Is there a way I can compute the (a & b).count() function on my GPU (nVidia 760m)? Ideally I would just pass 2 chunks of memory of N bits. I was looking at using thrust but I couldn't find a popcnt function.
EDIT:
Current CPU implementation.
double validate_pooled(const size_t K) const{
int right = 0;
const size_t num_examples = labels.size();
threadpool tp;
std::vector<std::future<bool>> futs;
for(size_t i = 0; i < num_examples; i++){
futs.push_back(tp.enqueue(&kNN<N>::validate_N, this, i, K));
}
for(auto& fut : futs)
if(fut.get()) right++;
return right / (double) num_examples;
}
bool validate_N(const size_t cmp, const size_t n) const{
const size_t num_examples = labels.size();
std::vector<char> dists(num_examples, -1);
for(size_t i = 0; i < num_examples; i++){
if(i == cmp) continue;
dists[i] = (bits[cmp] & bits[i]).count();
}
typedef std::unordered_map<std::string,size_t> counter;
counter counts;
for(size_t i = 0; i < n; i++){
auto iter = std::max_element(dists.cbegin(), dists.cend());
size_t idx = std::distance(dists.cbegin(), iter);
dists[idx] = -1; // Remove the top result.
counts[labels[idx]] += 1;
}
auto iter = std::max_element(counts.cbegin(), counts.cend(),
[](const counter::value_type& a, const counter::value_type& b){ return a.second < b.second; });
return labels[cmp] == iter->first;;
}
EDIT:
This is what I've come up with. However its brutally slow. I'm not sure if I'm doing something wrong
template<size_t N>
struct popl
{
typedef unsigned long word_type;
std::bitset<N> _cmp;
popl(const std::bitset<N>& cmp) : _cmp(cmp) {}
__device__
int operator()(const std::bitset<N>& x) const
{
int pop_total = 0;
#pragma unroll
for(size_t i = 0; i < N/64; i++)
pop_total += __popcll(x._M_w[i] & _cmp._M_w[i]);
return pop_total;
}
};
int main(void) {
const size_t N = 2048;
thrust::host_vector<std::bitset<N> > h_vec;
load_bits(h_vec);
thrust::device_vector<std::bitset<N> > d_vec = h_vec;
thrust::device_vector<int> r_vec(h_vec.size(), 0);
for(int i = 0; i < h_vec.size(); i++){
r_vec[i] = thrust::transform_reduce(d_vec.cbegin(), d_vec.cend(), popl<N>(d_vec[i]), 0, thrust::maximum<int>());
}
return 0;
}
CUDA has population count intrinsics for both 32-bit and 64-bit types. (__popc() and __popcll())

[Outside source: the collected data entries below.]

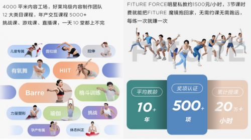 在自制内容方面,FITURE现已签约近20位健身教练,组建了一个累计授课时长超20万小时,平均教学经验10年以上,累计奖项认证500多个的“FITURE FORCE全明星教练”。在对标好莱坞影视制作规格来打造的“健身梦工场”,内容团队可通过一个囊括教练、拍摄及后期、音乐、开发和AI的数字化“交互内容创作管理系统”实现全年5000节健身课程内容更新的产能。
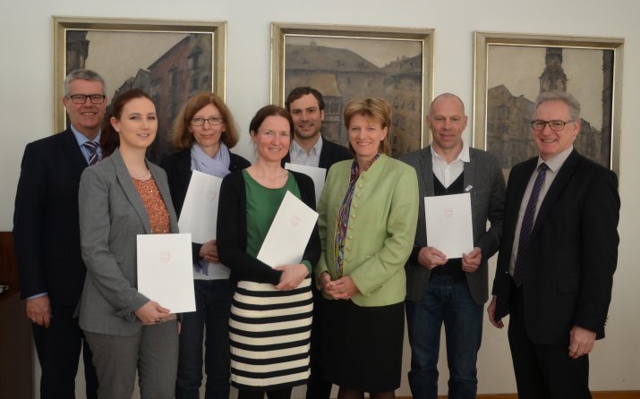 Zur formellen Dekretverleihung lud Innsbrucks Bürgermeisterin Mag.a Christine Oppitz-Plörer gemeinsam mit Magistratsdirektor Dr. Bernhard Holas und Personalchef Mag. Ferdinand Neu am 27. März DI Daniel Schaffenrath, Mag.a Doris Stefanon, Mag.a Miriam Sulaiman, MA, Thomas Waimann und Dr.in Martina Zabernig in ihr Büro im Innsbrucker Rathaus.
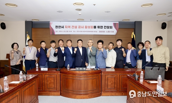 (충남도민일보 =천안/ 정연호기자) 천안시의회 노종관 의원(백석동, 국민의힘)은 30일 오전 10시, 시의회 3층 복지문화위원회 회의실에서 「천안시 지역 건설공사 활성화를 위한 간담회」를 열고 지역 건설업체 참여 확대와 건설산업 발전을 위한 방안을 논의했다.

These could be used directly in a CUDA kernel or via thrust (in a functor) perhaps passed to thrust::transform_reduce.
If that is the only function you want to do on the GPU, it may be difficult to get a net "win" because of the "cost" of transferring data to/from the GPU. Your overall input data set appears to be about 1GB in size (100000 vectors of bit length 65536), but the output data set appears to be 10-40GB in size based on my calculations (100000 * 100000 * 1-4 bytes per result).
Either the CUDA kernel or the thrust function and data layout should be crafted carefully with the objective of having the code run limited only by memory bandwidth. The cost of data transfer could also be mitigated, perhaps to a large extent, by overlap of copy and compute operations, mainly on the output data set.

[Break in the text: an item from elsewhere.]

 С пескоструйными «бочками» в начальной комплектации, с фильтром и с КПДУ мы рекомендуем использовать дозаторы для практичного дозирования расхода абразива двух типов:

At first glance, this problem appears to be somewhat similar to the problem of computing euclidean distances among sets of vectors, so this question/answer may be of interest, from a CUDA perspective.
EDIT: adding some code that I used to investigate this. I am able to get a significant speedup (~25x including data copy time) over a naive single-threaded CPU implementation, but I don't know how fast the CPU version would be using "chunked multithreading and SSE/AVX ", so it would be interesting to see more of your implementation or get some performance numbers. I also don't think the CUDA code I have here is highly optimized, it's just a "first cut".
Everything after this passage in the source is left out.